Uit eerdere interdepartementaal gestarte regeldrukacties is een beperkt aantal knelpunten op het beleidsterrein van VenW aan het licht getreden. Daarvoor ingezette acties, die deels buiten het kader van het uitvoeringsprogramma vallen, worden uiteraard ook doorgezet. Zo heeft o.a. de commissie Stevens3 gewezen op de problematiek van de«venstertijden». Via de Commissie Stedelijke Distributie, die in het najaar met een eindverslag zal komen maar voor de implementatie ook actief zal blijven tot mei 2008, wordt bevorderd dat gemeenten en bedrijfsleven zich inzetten voor een substantiële verlichting. Voor zover nieuwe knelpunten aan de dag treden, zal ik ook daarvoor een passende aanpak zoeken.

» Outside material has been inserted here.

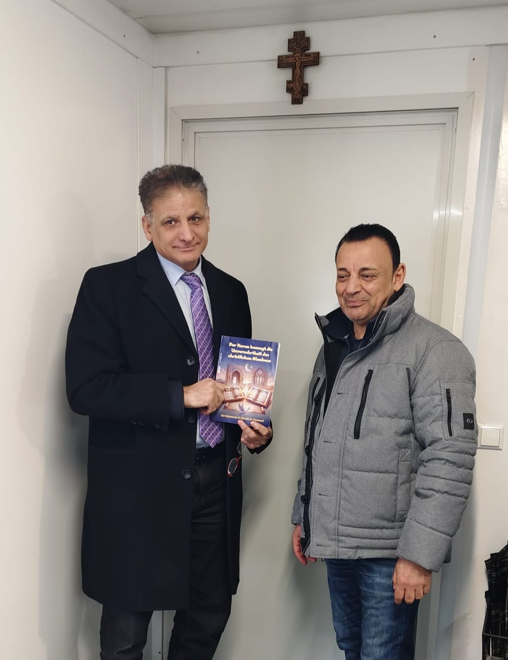 وفي هذا السياق، التقى العبيدي داخل أحد المكاتب النمساوية بأحد المسؤولين في قطاع الأعمال وهو الاستاذ الياس ، بعد تواصل مسبق لشرح مشروع الشرفاء الحمادي. وخلال اللقاء، قدّم له كتيّب الشرفاء المترجم إلى الألمانية "القرآن يشهد بصواب العقيدة المسيحية"، في مكتب تتجلى فيه الرموز الدينية المسيحية، وهو ما أضفى على اللقاء دلالة خاصة تعكس طبيعة الحوار بين المرجعيتين الإسلامية والمسيحية.
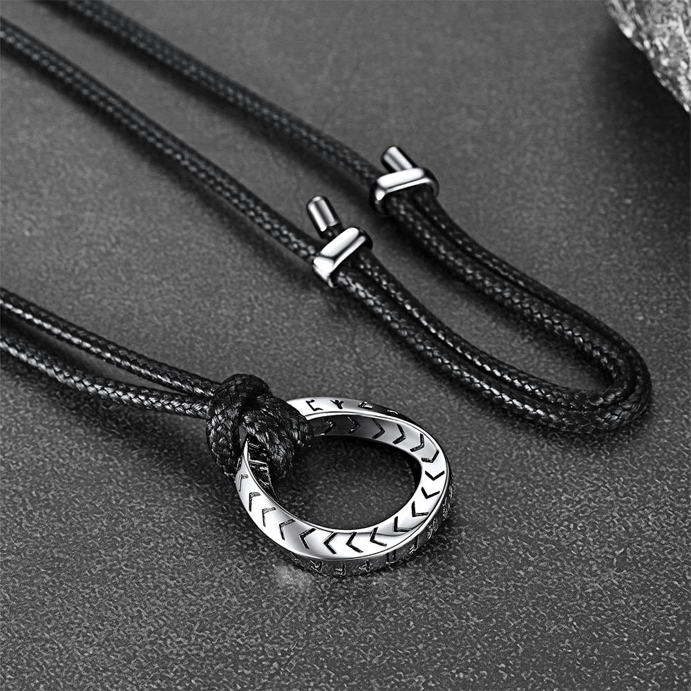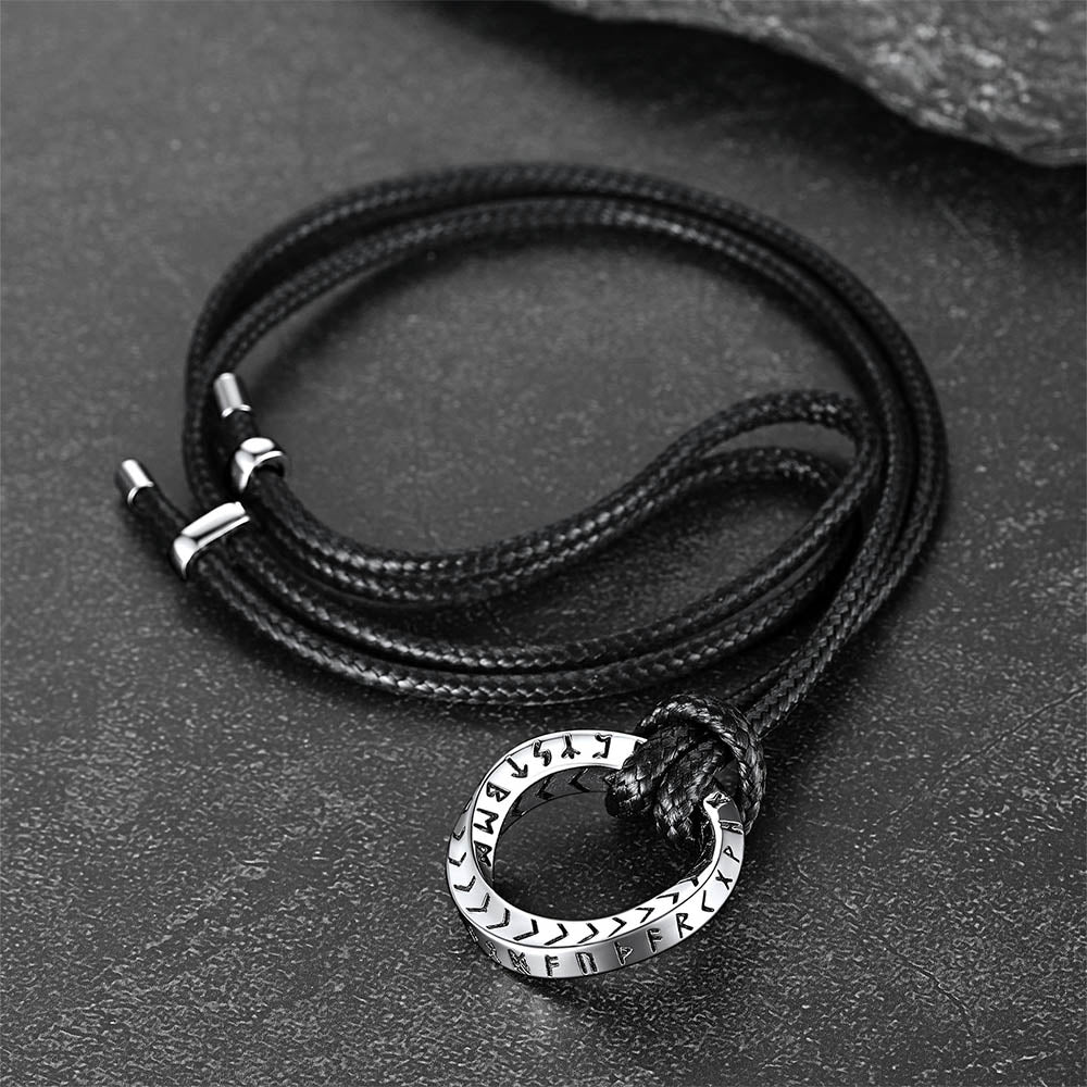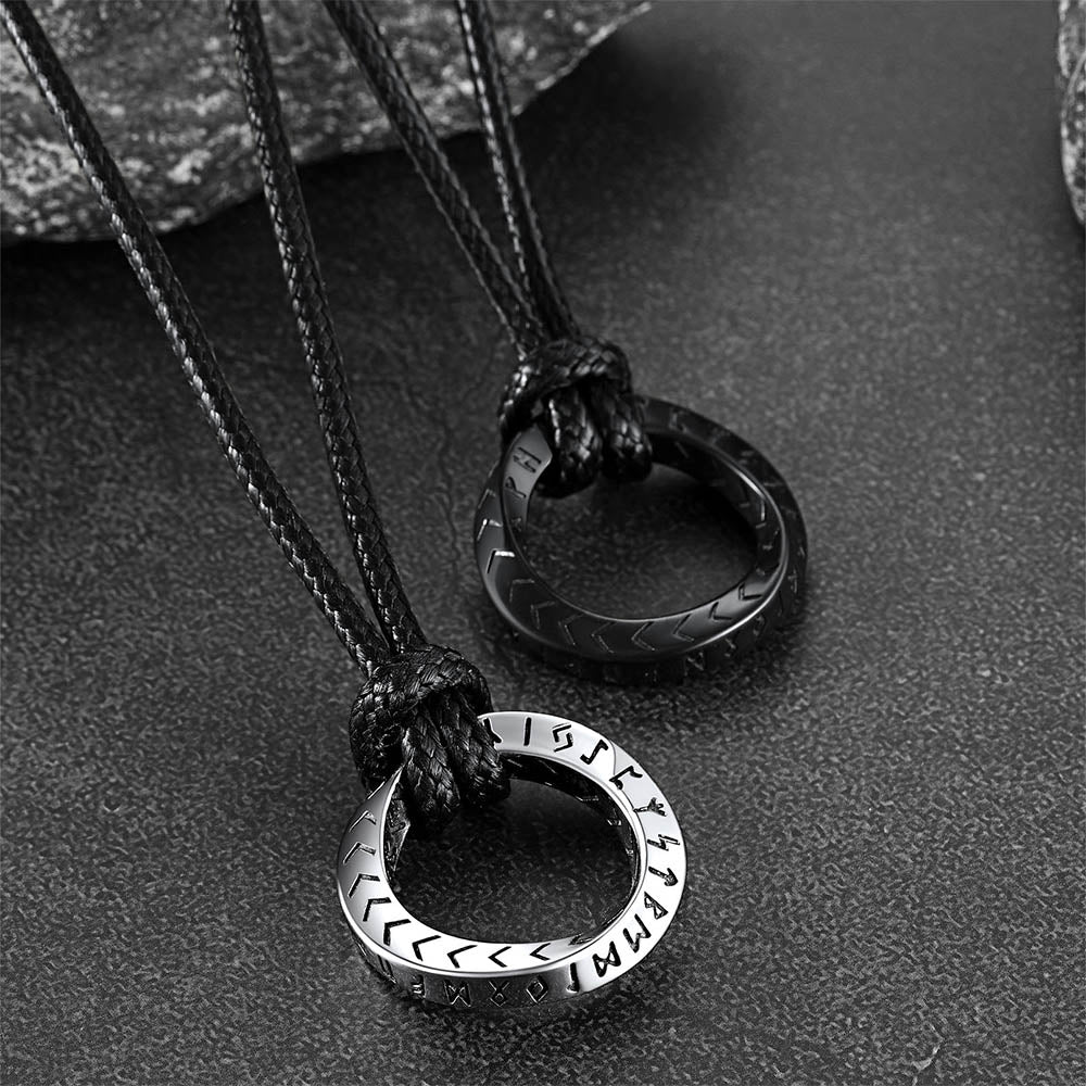 Este colar com a Fita de Möbius é estiloso e personalizado. Talismã de proteção nórdico exclusivo com o círculo rúnico do poder, meticulosamente trabalhado em detalhes. O pingente de runa exibe runas vikings, cada uma simbolizando uma faceta única da vida, força e sabedoria. Usar este colar de runas é como carregar uma tapeçaria de conhecimento e poder nórdicos ancestrais.

Het is ten slotte van groot belang niet alleen acties in te zetten die zien op de bestaande wet- en regelgeving van VenW, maar ook om voldoende aandacht te blijven besteden aan nieuwe wetsvoorstellen en voorstellen voor overige regelgeving. Steeds zal ervoor gewaakt moeten worden, ook in goed overleg met uw Kamer, dat de totnogtoe bereikte resultaten vastgehouden en uitgebouwd kunnen worden zodat er ook ongewild geen nieuwe onnodige regeldruk kan ontstaan.

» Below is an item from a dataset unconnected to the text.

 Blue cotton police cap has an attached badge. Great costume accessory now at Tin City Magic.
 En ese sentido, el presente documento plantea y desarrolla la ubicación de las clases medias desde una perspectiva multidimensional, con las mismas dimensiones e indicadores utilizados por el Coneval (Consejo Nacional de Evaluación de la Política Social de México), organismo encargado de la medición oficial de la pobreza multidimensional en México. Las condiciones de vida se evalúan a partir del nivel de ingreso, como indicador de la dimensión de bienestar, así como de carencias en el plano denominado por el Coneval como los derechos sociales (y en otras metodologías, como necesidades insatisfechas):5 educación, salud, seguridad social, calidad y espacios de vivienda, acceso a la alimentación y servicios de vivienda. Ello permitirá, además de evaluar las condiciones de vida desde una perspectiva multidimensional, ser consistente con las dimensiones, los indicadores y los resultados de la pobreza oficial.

De minister van Verkeer en Waterstaat,

C. M. P. S. Eurlings

De staatssecretaris van Verkeer en Waterstaat,

J. C. Huizinga-Heringa


XNoot
1

Kamerstukken II, 2004–2005, 29 515, nr. 86 en kamerstukken II, 2005–2006, 29 362, nr. 105.

XNoot
2

Voorzitter mw. mr. W. Sorgdrager (onafhankelijk), leden, mr. B. Kruys (voorgedragen door VNO-NCW) en prof. mr. C.R. Niessen (vanuit de wetenschap).

XNoot
1

REACH: EU verordening Registratie, evaluatie en autorisatie van chemische stoffen. GHS: UN Globally harmonised System.

XNoot
2

Kamerstukken II, 2005–2006, 29 984, nr. 29, blz. 3 en 2006–2007, nr. 30 800 XII, nr. 2, blz. 75 en 76).

XNoot
3

In de doorlichting kwam naar voren dat ProRail veel verschillende posities en rollen vervult. Zo is ProRail bijvoorbeeld zowel normadressaat als een monopolist die privaatrechtelijke regels stelt aan partijen alsook een uitvoerder van regelgeving bijvoorbeeld bij de vergunningverlening. Deze verschillende «petten» kunnen voor onduidelijkheid zorgen.

XNoot
4

De lagere regelgeving is geordend naar de inrichting van het spoorsysteem: infrastructuur, spoorvoertuigen, spoorondernemingen, spoorpersoneel, capaciteitsverdeling en spoorverkeer. Dit sluit goed aan op de Europese regelgeving. Het gaat hierbij om 6 algemene maatregelen van bestuur en 6 bijbehorende ministeriële regelingen. Daarnaast is nog sprake van een algemene maatregel van bestuur die op afzienbare termijn komt te vervallen (Reglement op de raccordementen) en van het Besluit personenvervoer 2000 (voor zover betrekking hebbend op spoor), alsmede een ministeriële regeling over tarieven voor vergunningen op basis van de Spoorwegwet.

XNoot
1

De naam CROW is oorspronkelijk een afkorting van Centrum voor Regelgeving en Onderzoek in de Grond-, Water- en Wegenbouw en de Verkeerstechniek. Tegenwoordig staat de naam voor kennisplatform voor infrastructuur, verkeer, vervoer en openbare ruimte.

XNoot
2

Belanghebbenden hebben samen met CROW een aantal richtlijnen samengesteld voor gewenste indelingen van het wegennet: Richtlijnen voor het Ontwerp van Autosnelwegen (ROA), Richtlijnen voor het Ontwerp van Niet-Autosnelwegen (RONA) en Aanbevelingen voor Stedelijke Verkeersvoorzieningen (ASVV). Dit zijn indelingen van het bestaande wegennet in wegcategorieën.

XNoot
1

Bijlage bij Kamerstukken II, 2004–2005, 29 515, nr. 86.

XNoot
2

Instellingsbesluit Commissie Fundamentele Verkenning Transportbelemmeringen, Staatscourant 7 mei 2007, nr. 87/pag. 7.

XNoot
3

Regels op maat. Eindrapport Commissie Stevens, 4 februari 2007. Slotaanbevelingen aan het kabinet voor de aanpak van regeldruk.